Clothier bell tower as seen from the ground against a blue sky with few clouds

Swarthmore students recently earned a wide array of awards — a testament to their efforts and achievements in the classroom and for the common good.

Majoring in subjects ranging from engineering and economics to music and mathematics, the students reflect Swarthmore’s interdisciplinary spirit and people-centered approach to solving problems in their communities and across the world.

The awardees:

Daniel Torres BalauroDaniel Torres Balauro ’23 was named to the fourth cohort of the Public Voices Fellowship on the Climate Crisis. The honor was bestowed by the Yale Program on Climate Change Communication, which works to diversify and amplify the voices behind climate change action. Balauro is the only undergraduate among the distinguished cohort of 20 thought leaders dedicated to diversifying environmental justice discourse and advancing climate solutions. 

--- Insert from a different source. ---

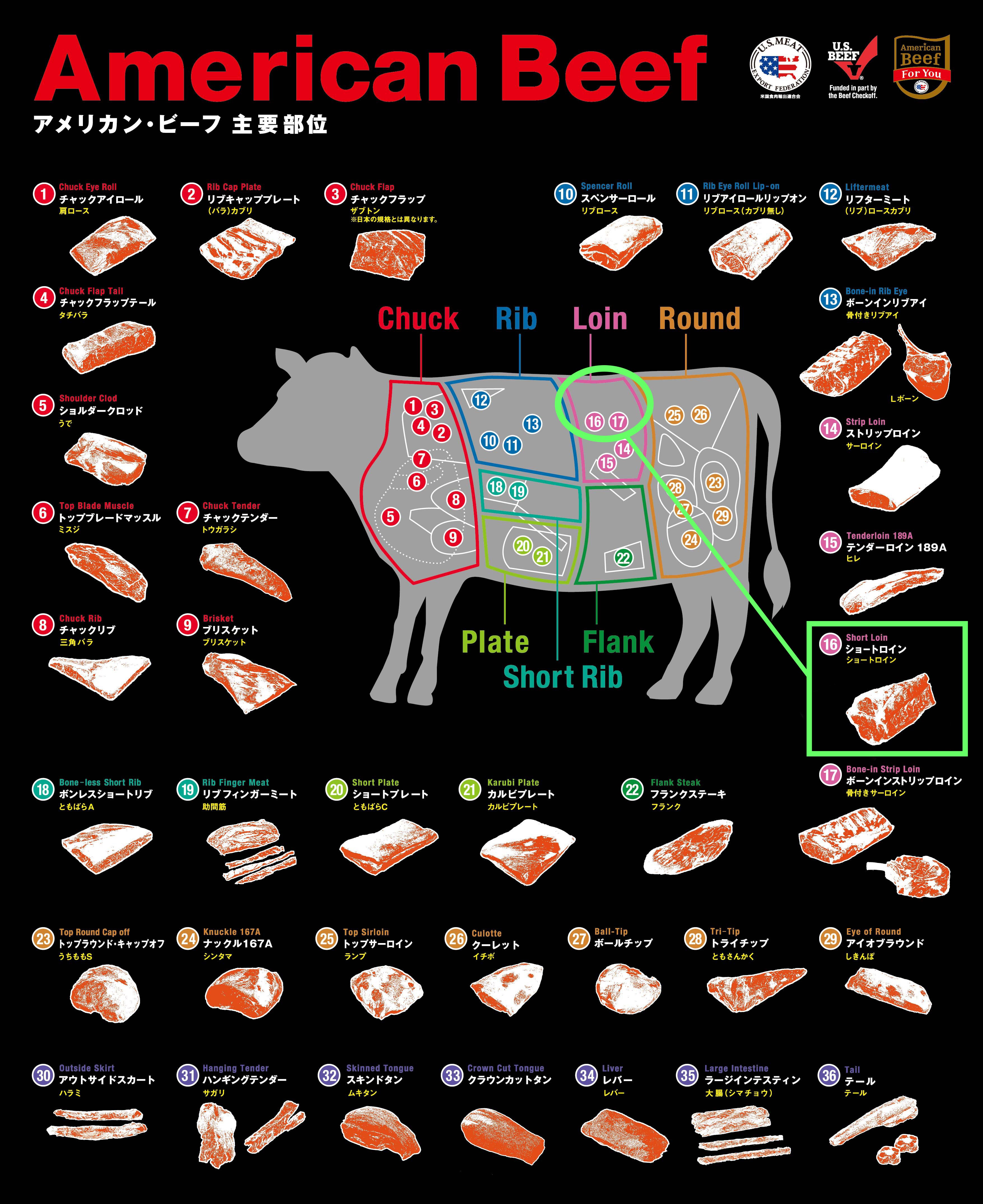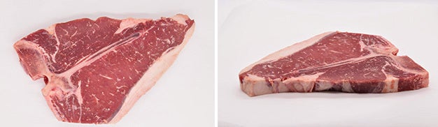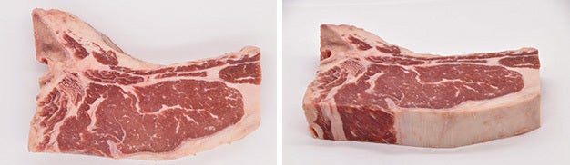 この2つの部位は元々ショートロインという、背中から腰にかけての部分の総称で、同じブロックのお肉です。ヒレはサーロインよりもサイズが小さく短いため、ショートロインからTボーンが取れるのは約半分、残りの約半分はLボーンとなります。Tボーンだけを販売するとLボーンが余ってしまうため、基本的にセットでの販売となるのです。

“Raised in the South Pacific, I've witnessed firsthand the ecological and sociocultural impacts of the climate crisis, and unfortunately, the exclusion of Pacific voices in policy,” says Balauro, an environmental governance and policy special major from American Samoa. “At Swarthmore, I've worked to highlight these inequalities through my involvement in formative programs such as the President's Sustainability Research Fellowship (PSRF) and the Lang Opportunity Scholarship program, which supported the launch of my organization, the American Samoa Climate Action Network. We work to empower Pacific Islanders to engage in climate discourse through policy development, and I'm excited to leverage this fellowship as a platform to publish a series of op-eds focusing on environmental injustice and community resilience in the Pacific.”

David DiazDavid Diaz ’25 earned an honorable mention from the Udall Foundation, which offers scholarships to college sophomores and juniors for leadership, public service, and commitment to issues related to Native American nations or the environment. 

Diaz is an engineering major who seeks to apply what he learns about energy efficiency to solve problems for underserved populations. As a member of the student chapter of the American Society of Civil Engineers and a committee chair of the student chapter of the Society of Hispanic Professional Engineers, Diaz seeks to support Indigenous nations in California and elsewhere with clean renewable energy and infrastructure. “This energy sovereignty, combined with food sovereignty, will allow independence from systems that have prevented Indigenous nations from achieving their full potential,” notes Professor of Engineering Carr Everbach, the College’s liaison to Udall.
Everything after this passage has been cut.